** Opening Entries supplied block **

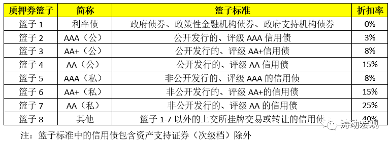 (3)2018年4月24日,上交所與中國(guó)清算聯(lián)合發(fā)布《債券質(zhì)押式三方回購(gòu)交易及結(jié)算暫行辦法》,明確三方回購(gòu)的正回購(gòu)方限于金融機(jī)構(gòu)、公募證券投資基金和商業(yè)銀行的理財(cái)產(chǎn)品。同時(shí)在業(yè)務(wù)開(kāi)展初期,擔(dān)保品按債券類(lèi)型、發(fā)行方式和債券評(píng)級(jí)劃分為8個(gè)質(zhì)押券籃子,具體劃分標(biāo)準(zhǔn)及折扣率如下:
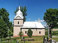 Église paroissiale orthodoxe à ses origines, puis « uniatskym » au milieu du XVIIe siècle, elle est devenue gréco-catholique en 1764 (Gréckokatolícky chrám postavený v barokovo - klasickom slohu je z roku 1764). Elle est située au milieu du cimetière, au sommet d'une colline dominant le village.
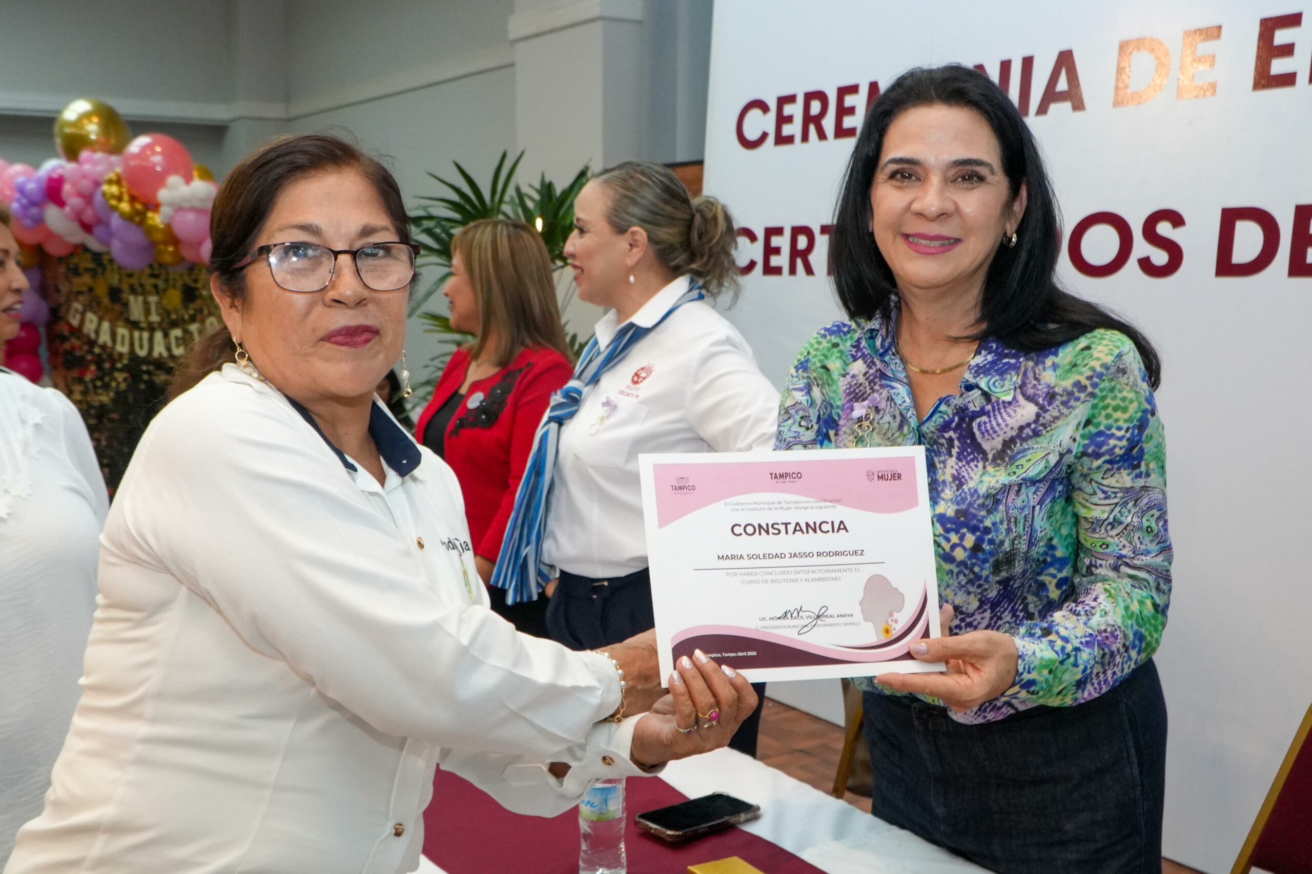 La Presidenta Municipal de Tampico, Mónica Villarreal Anaya, encabezó la ceremonia de entrega de constancias y certificados a las más de 400 participantes de los cursos y talleres que fueron impartidos en los módulos del Instituto de la Mujer.
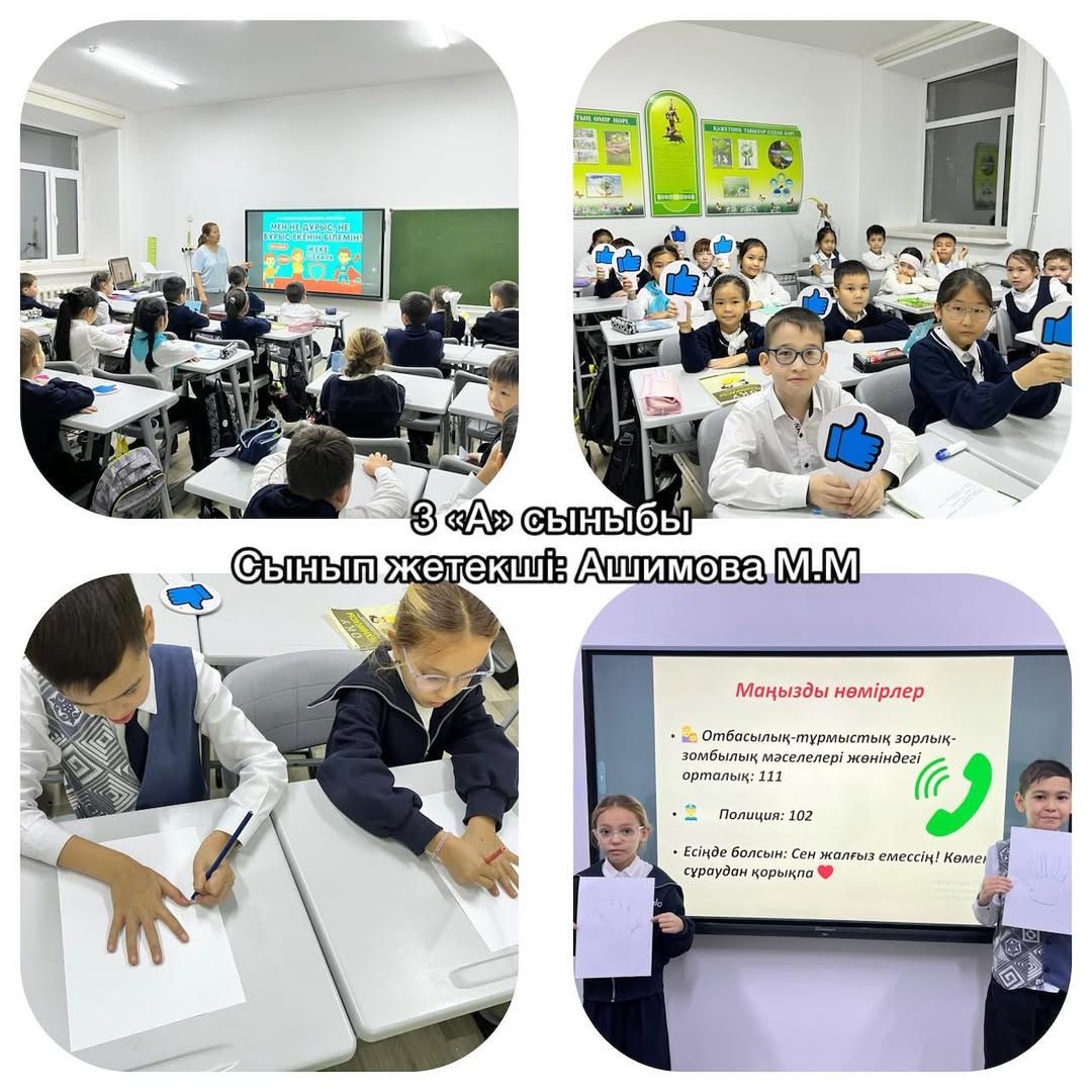 Сабақ барысында оқушыларға зорлық-зомбылықтың түрлері мен жеке шекаралар туралы түсінік берілді.
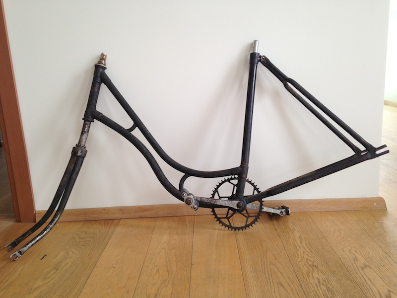 Raami kahe kõvera toru vahel asuva kolme ovaali proportsioonide järgi arvasin algul, et tegu on ETK Eteka või Saare Luxiga -- kuid nende jaoks on seerianumber liiga suur. Lisaks näevad kunagise embleemi aluse püsttoru muhvid neist teistmoodi välja, meenutades pigem vana Göricket või hoopiski 50ndate Harkovit. Samas ei klapi nendega muud asjad.

** Closing Entries supplied block **

● Problem to solve:
Print only the lines from the first line of the data above through the one containing "Église paroissiale orthodoxe", exactly as they are, with pictures omitted.

● Your solution:
 (3)2018年4月24日,上交所與中國(guó)清算聯(lián)合發(fā)布《債券質(zhì)押式三方回購(gòu)交易及結(jié)算暫行辦法》,明確三方回購(gòu)的正回購(gòu)方限于金融機(jī)構(gòu)、公募證券投資基金和商業(yè)銀行的理財(cái)產(chǎn)品。同時(shí)在業(yè)務(wù)開(kāi)展初期,擔(dān)保品按債券類(lèi)型、發(fā)行方式和債券評(píng)級(jí)劃分為8個(gè)質(zhì)押券籃子,具體劃分標(biāo)準(zhǔn)及折扣率如下:
 Église paroissiale orthodoxe à ses origines, puis « uniatskym » au milieu du XVIIe siècle, elle est devenue gréco-catholique en 1764 (Gréckokatolícky chrám postavený v barokovo - klasickom slohu je z roku 1764). Elle est située au milieu du cimetière, au sommet d'une colline dominant le village.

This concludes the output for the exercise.